NOW, THEREFORE, in consideration of the premises and the mutual promises
hereinafter set forth, the Adviser and the Sub-Adviser agree as follows:
1. (a) The Sub-Adviser shall, subject to the supervision of the
Adviser, direct the investments of all or such portion of the Portfolio's assets
as the Adviser shall designate in accordance with the investment objective,
policies and limitations as provided in the Portfolio's Prospectus or other
governing instruments, as amended from time to time, the Investment Company Act
of 1940 and rules thereunder, as amended from time to time (the "1940 Act"), and
such other limitations as the Portfolio may impose by notice in writing to the
Adviser or Sub-Adviser. The Sub-Adviser shall also furnish for the use of the
Portfolio office space and all necessary office facilities, equipment and
personnel for servicing the investments of the Portfolio; and shall pay the
salaries and fees of all personnel of the Sub-Adviser performing services for
the Portfolio relating to research, statistical and investment activities. The
Sub-Adviser is authorized, in its discretion and without prior consultation
with the Portfolio or the Adviser, to buy, sell, lend and otherwise trade in any
stocks, bonds and other securities and investment instruments on behalf of the
Portfolio. The investment policies and all other actions of the Portfolio are
and shall at all times be subject to the control and direction of the Fund's
Board of Trustees.
(b) The Sub-Adviser shall also furnish such reports, evaluations,
information or analyses to the Fund and the Adviser as the Fund's Board of
Trustees or the Adviser may request from time to time or as the Sub-Adviser may
deem to be desirable. The Sub-Adviser shall make recommendations to the Fund's
Board of Trustees with respect to Portfolio policies, and shall carry out such
policies as are adopted by the Trustees. The Sub-Adviser shall, subject to
review by the Board of Trustees, furnish such other services as the Sub-Adviser
shall from time to time determine to be necessary or useful to perform its
obligations under this Agreement and which are not otherwise furnished by the
Adviser.
(c) The Sub-Adviser shall place all orders for the purchase and sale
of portfolio securities for the Portfolio's account with brokers or dealers
selected by the Sub-Adviser, which may include brokers or dealers affiliated
with the Adviser or Sub-Adviser. The Sub-Adviser shall use its best efforts to
seek to execute portfolio transactions at prices which are advantageous to the
Portfolio and at
commission rates which are reasonable in relation to the benefits received. In
selecting brokers or dealers qualified to execute a particular transaction,
brokers or dealers may be selected who also provide brokerage and research
services (as those terms are defined in Section 28(e) of the Securities Exchange
Act of 1934) to the Portfolio and/or the other accounts over which the
Sub-Adviser, Adviser or their affiliates exercise investment discretion. The
Sub-Adviser is authorized to pay a broker or dealer who provides such brokerage
and research services a commission for executing a portfolio transaction for the
Portfolio which is in excess of the amount of commission another broker or
dealer would have charged for effecting that transaction if the Sub-Adviser
determines in good faith that such amount of commission is reasonable in
relation to the value of the brokerage and research services provided by such
broker or dealer. This determination may be viewed in terms of either that
particular transaction or the overall responsibilities which the Sub-Adviser and
its affiliates have with respect to accounts over which they exercise investment
discretion. The Trustees of the Fund shall periodically review the commissions
paid by the Portfolio to determine if the commissions paid over representative
periods of time were reasonable in relation to the benefits to the Portfolio.

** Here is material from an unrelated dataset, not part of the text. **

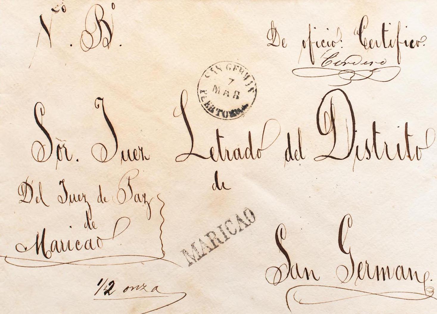 (1852ca). MARICAO to SAN GERMAN. MARICAO (PE1) 2004 edition mark and SAN GERMAN / PUERTO RICO dater. MAGNIFICENT AND EXTRAORDINARY RARE, NO MORE THAN TWO KNOWN. Ex-Acevedo.

2. As compensation for the services to be furnished by the Sub-Adviser
hereunder, the Adviser agrees to pay the Sub-Adviser a monthly fee equal to 50%
of the management fee which the Portfolio is obligated to pay the Adviser under
the Portfolio Management Agreement with the Adviser in respect of that portion
of the Portfolio's assets managed by the Sub-Adviser during such month. Such fee
shall not be reduced to reflect expense reimbursements or fee waivers by the
Adviser, if any, in effect from time to time.
3. It is understood that Trustees, officers, and shareholders of the
Fund are or may be or become interested in the Adviser or the Sub-Adviser as
directors, officers or otherwise and that directors, officers and stockholders
of the Adviser or the Sub-Adviser are or may be or become similarly interested
in the Fund, and that the Adviser or the Sub-Adviser may be or become interested
in the Fund as a shareholder or otherwise.

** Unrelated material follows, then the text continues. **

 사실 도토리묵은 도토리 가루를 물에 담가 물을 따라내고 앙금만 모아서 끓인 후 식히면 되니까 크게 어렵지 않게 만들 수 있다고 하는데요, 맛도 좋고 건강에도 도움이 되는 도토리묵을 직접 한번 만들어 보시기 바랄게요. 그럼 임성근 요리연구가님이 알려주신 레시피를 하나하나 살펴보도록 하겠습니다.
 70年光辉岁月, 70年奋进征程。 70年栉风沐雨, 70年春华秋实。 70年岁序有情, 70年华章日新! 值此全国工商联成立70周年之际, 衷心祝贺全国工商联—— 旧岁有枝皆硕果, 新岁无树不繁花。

4. It is understood that the Portfolio will pay all its expenses other
than those expressly stated to be payable by the Sub-Adviser hereunder or by the
Adviser under the Portfolio Management Agreement with the Portfolio.
5. The Services of the Sub-Adviser to the Adviser are not to be deemed
to be exclusive, the Sub-Adviser being free to render services to others and
engage in other activities, provided, however, that such other services and
activities do not, during the term of this Agreement, interfere, in a material
manner, with the Sub-Adviser's ability to meet all of its obligations with
respect to rendering investment advice hereunder. The Sub-Adviser shall for all
purposes be an independent contractor and not an agent or employee of the
Adviser or the Fund.
6. In the absence of willful misfeasance, bad faith, gross negligence
or reckless disregard of obligations or duties hereunder on the part of the
Sub-Adviser, the Sub-Adviser shall not be subject to liability to the Advisor,
the Fund or to any shareholder of the Portfolio for any act or omission in the
course of, or connected with, rendering services hereunder or for any losses
that may be sustained in the purchase, holding or sale of any security.
7. (a) Subject to prior termination as provided in sub-paragraph (d)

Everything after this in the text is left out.